My stomach is HUGE!  I look 6 months knocked up
It hurts when I cough, puke, sneeze or hiccup!
Doc says, “Its just air, so don’t be dismayed”
REALLY?  Cause I look like a float in the Macy’s Thanksgiving Day Parade!

The gas pains are ungodly and I am as mean as a snake
If someone were to anger me I would burn them at the stake.
This shit is ridiculous and my temper is high
I could kick anyone’s ass, bare minimum make him or her cry

Granted, Nothing I do is easy and it all comes in layers
Seems surgery wasn’t enough, this game needed more players.
SOOOO my son develops a virus and his throat begins to ache
While dealing with all this our air conditioning decides to break.

Surgery, NO AIR, and a sick child in this heat?
Really??  OK Uncle, I give up, I admit defeat!
I can’t take much more I am liable to snap!
My God it’s been 8 days please allow me to crap!

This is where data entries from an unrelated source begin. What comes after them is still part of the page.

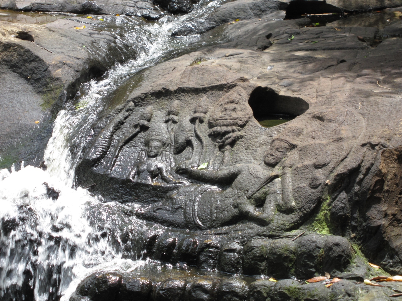 小さな滝があり、1000体のリンガを流れてきた滝なので、神聖な滝だ、とガイドは言っていました。
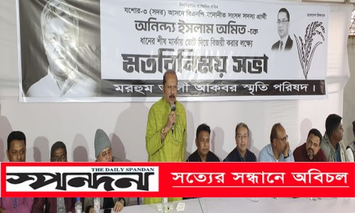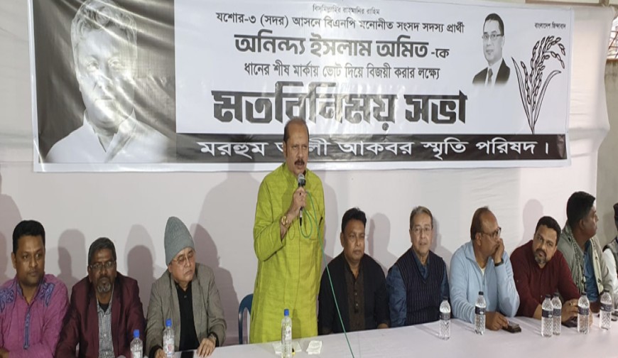 নিজস্ব প্রতিবেদক : যশোর-৩ সদর আসনে ধানের শীষের প্রার্থী বিএনপি নেতা অনিন্দ্য ইসলাম অমিতের পক্ষে এক মতবিনিময় সভা শহরের খালধার রোড এলাকায় অনুষ্ঠিত হয়। মরহুম আলী আকবর স্মৃতি পরিষদের উদ্যোগে মতবিনিময় সভায় প্রধান অতিথি ছিলেন প্রেস ক্লাব যশোরের সভাপতি জাহিদ হাসান টুকুন। স্মৃতি পরিষদের সভাপতি ও যশোর ইন্সটিটিউট নাট্যকলা সংসদের সাধারণ সম্পাদক আব্দুর রহমান কিনার সভাপতিত্বে মতবিনিময় সভায় বিশেষ অতিথি হিসেবে বক্তৃতা করেন যশোর ইন্সটিটিউটের সাধারণ সম্পাদক ডা. আবুল কালাম আজাদ লিটু, যশোর জেলা বিএনপির সাংগঠনিক সম্পাদক প্রকৌশলী রবিউল ইসলাম ও জেলা স্বেচ্ছাসেবক দলের আহবায়ক মোস্তফা আমির ফয়সাল। সভায় অন্যান্যের মধ্যে বক্তৃতা করেন সাংবাদিক ইউনিয়ন যশোরের সাবেক সভাপতি নূর ইসলাম, যশোর পৌরসভার ২ নম্বর ওয়ার্ডের সাবেক কমিশনার শেখ রাশেদ আব্বাস রাজ ও সাংস্কৃতিক ব্যক্তিত্ব বিশিষ্ঠ ব্যবসায়ী রাকিবুদ্দৌল্লাহ শুভ্র । সভায় বিশিষ্ট ব্যবসায়ী মুরাদ হোসেন, যশোর জেলা যুব অধিকার পরিষদের সাধারণ সম্পাদক ও সাংস্কৃতি ব্যক্তিত্ব মিলন সেখ আপনসহ স্থানীয় ২ নং ওয়ার্ডের সর্বস্তরের নেতৃবৃন্দসহ কয়েকশ’ নারী পুরুষ উপস্থিত ছিলেন।
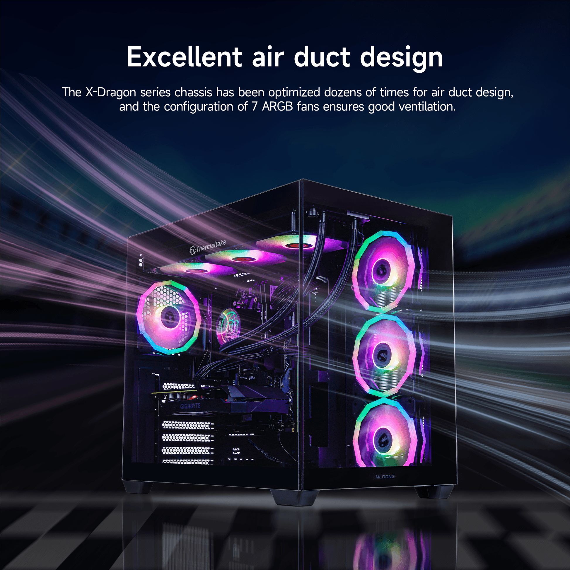 • Cooler & Power:ARGB colorful 360mm liquid cooling PC & 7 ARGB System Color Adjustable Ring Fans 850W 80+ Bronze Certified Power Supply.
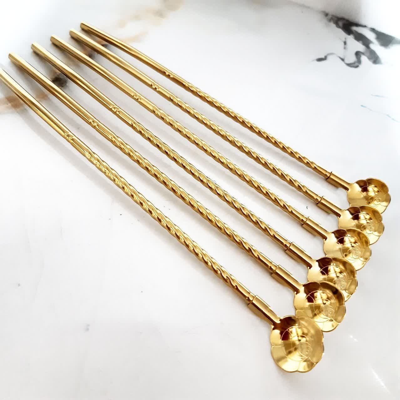 نی شربت خوری استیل و طلایی طرح گل مبلمونسرا مدل 278700

Can’t they create a medication that will kill the pain?
Make you nice AND loopy but also clean out your drain?

And the kids…. well mine are awesome but I will commit hara kiri
If I have to endure one more episode of Tom and Jerry!

I have allowed entirely TO MUCH TV
In an effort to make them stop questioning me!
Why do you feel bad? Mommy tell me what is wrong?
Why is your tummy big, can I sing you a song?
When will you feel better?  Mommy where is my new fire truck?
Why are you walking funny, why did you just whisper fuuuuccck?

Everyone says I will feel better when this all settles down
When? Once my insides stop sloshing around?
They were moved and tugged and pulled and plucked,
Squeezed, tied and cut then pushed around and tucked.

I woke up with stitches, bruises and scars
My nurses were wonderful ... except for the gay one, he was a tsar!  (That bitch!!)

I puked and screamed, cried and bitched
I am not a nice patient, many a fit I have pitched!

It sucks sometimes being a woman and NO man would survive
The hell we go through, such as massive monthly bleeding and still staying alive.
To my 14 day periods, I bid you adieu
Your bullshit and visits, I simply outgrew.
All done with your PMS, cramping, bloating and bad moods
And birth control just MY responsibility? Well now that’s always been rude!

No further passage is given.